• [Dataset extract]:
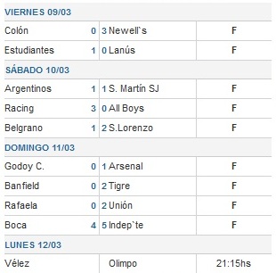 Resultados de la 5ª fecha
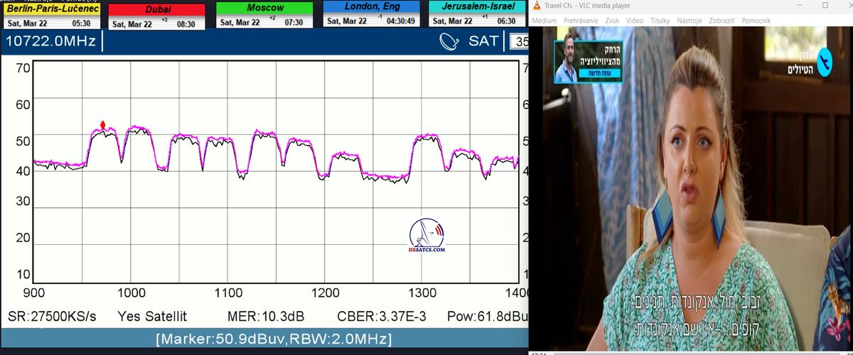 ►SK_na obrazovke môjho PC som sústredil v režime online analýzu spektra a kvality na výstupe z analyzátora Metek HD spolu s online dekódovaným streamom TV Travel Channel na SIDe=1317 v tv pakete YES Izrael vysielaného z f=10 722 MHz v systéme podmieneného prístupu NDS Videoguard
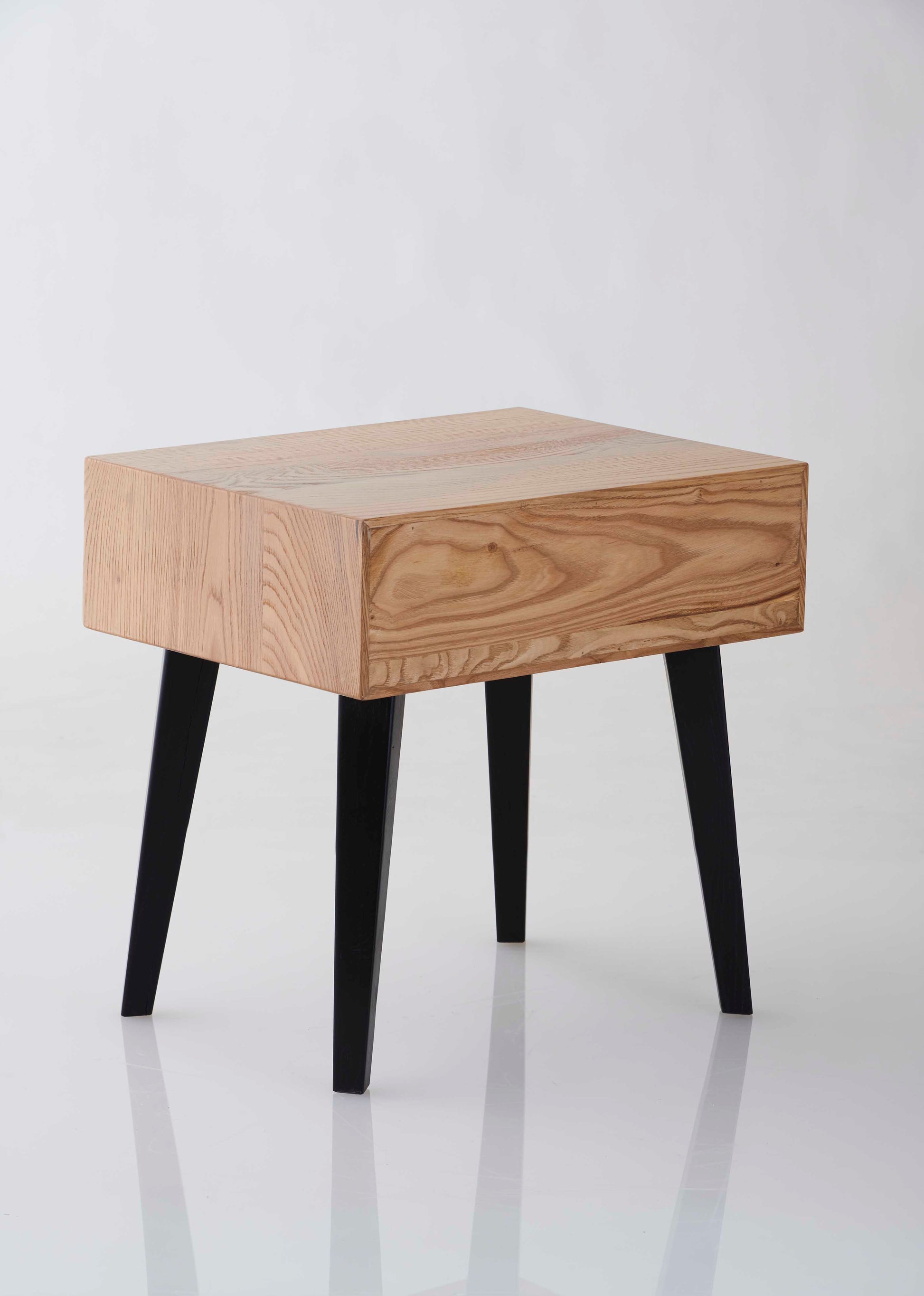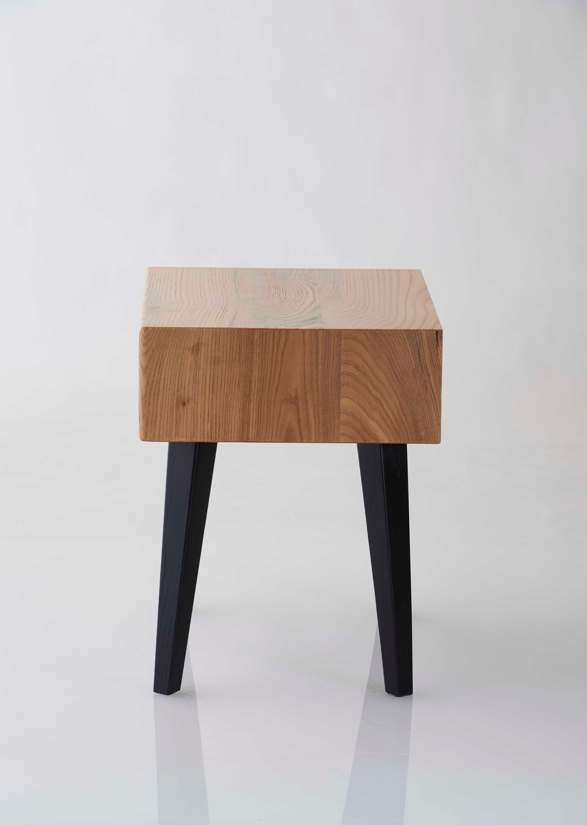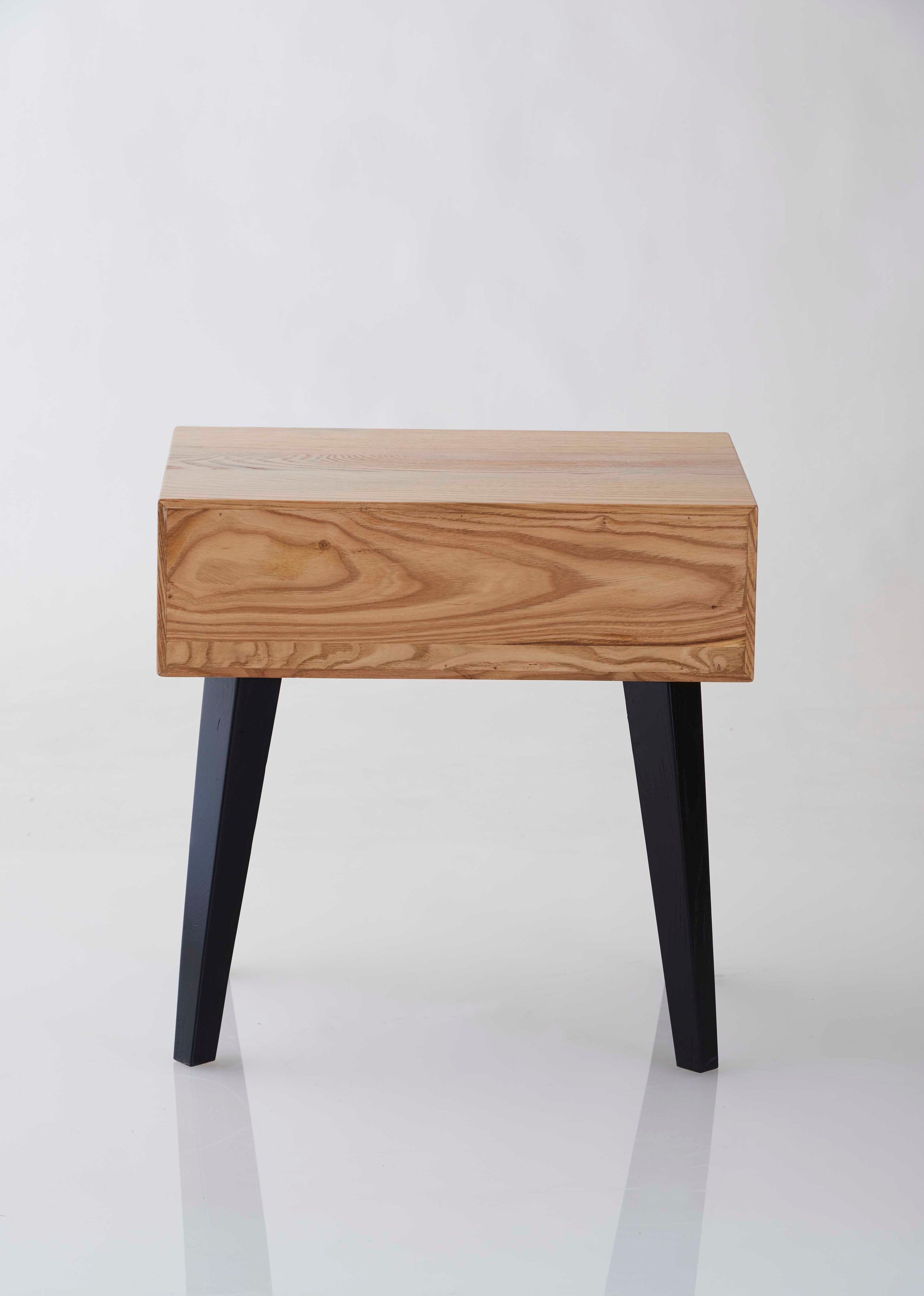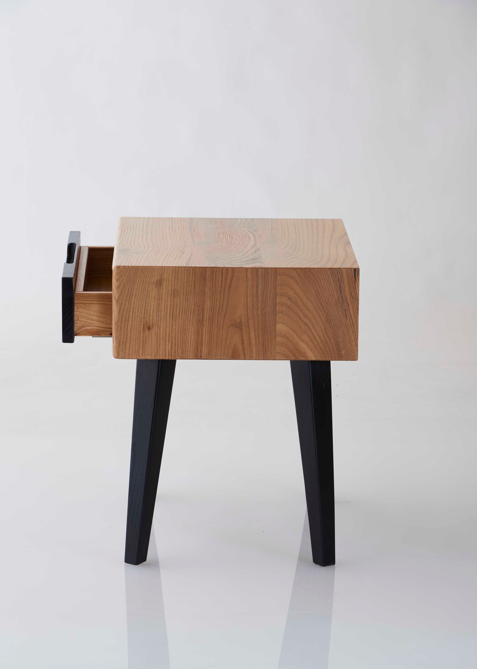 Nachtkommode mit Schublade aus Massivholz in schwarz und braun.
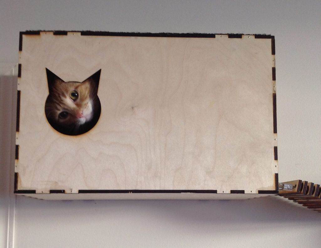 Для кошки же лучше сделать двухуровневую конструкцию, где верхний уровень поможет высматривать врага, а нижний мать только что выведенного потомства использует для засады, и в случае приближения опасности будет нападать на будущего обидчика.

• [What is expected]: An exact reproduction of the material is needed, without its images.

• [Result below]:
 Resultados de la 5ª fecha
 ►SK_na obrazovke môjho PC som sústredil v režime online analýzu spektra a kvality na výstupe z analyzátora Metek HD spolu s online dekódovaným streamom TV Travel Channel na SIDe=1317 v tv pakete YES Izrael vysielaného z f=10 722 MHz v systéme podmieneného prístupu NDS Videoguard
 Nachtkommode mit Schublade aus Massivholz in schwarz und braun.
 Для кошки же лучше сделать двухуровневую конструкцию, где верхний уровень поможет высматривать врага, а нижний мать только что выведенного потомства использует для засады, и в случае приближения опасности будет нападать на будущего обидчика.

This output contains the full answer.